By Hao Zhu
The North American Free Trade Agreement (NAFTA)’s Article 1110 — which created an expropriations remedy for foreign investors — has expanded into an international regulatory takings regime over the last two decades. Newer international trade agreements, such as the Trans Pacific Partnership Agreement (TPPA), have continued to include expropriations provisions by default, further expanding the reach of these takings regimes.
This Note focuses on the NAFTA in order to explore the tension within international regulatory takings regimes, between investor property interests and sovereign interests to regulate for the public welfare. First, this Note traces the contours of international regulatory takings doctrines, organizing them in a Penn Central framework. Against other commentators, this Note argues that though the case law has not been a model of clarity, the law has settled into a framework analogous to Penn Central. Second, this Note elaborates on and rejects the critique that international regulatory takings regimes erode states’ sovereignty to regulate for the public welfare, while acknowledging that the structural problem of private law tribunals deciding the public law values of property needs to be addressed.
To address this structural problem, this Note proposes that the NAFTA’s authoritative bodies interpret property dynamically, in light of the public welfare concerns raised by global climate change.
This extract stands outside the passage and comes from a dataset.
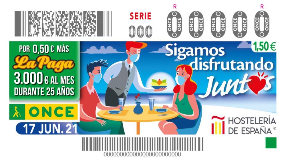 La ONCE dedicó un cupón en apoyo a la hostelería para que ‘Sigamos disfrutando juntos’

Specifically, this Note proposes that the NAFTA’s Free Trade Commission issue authoritative Notes of Interpretation to dynamically interpret Article 1110 to shift the balance toward sovereign regulatory power to address global climate change. Lastly, this Note applies that interpretation of Article 1110 to the facts of the dispute between TransCanada Corp. and the United States over the Keystone XL oil pipeline, ultimately concluding that no regulatory takings occurred.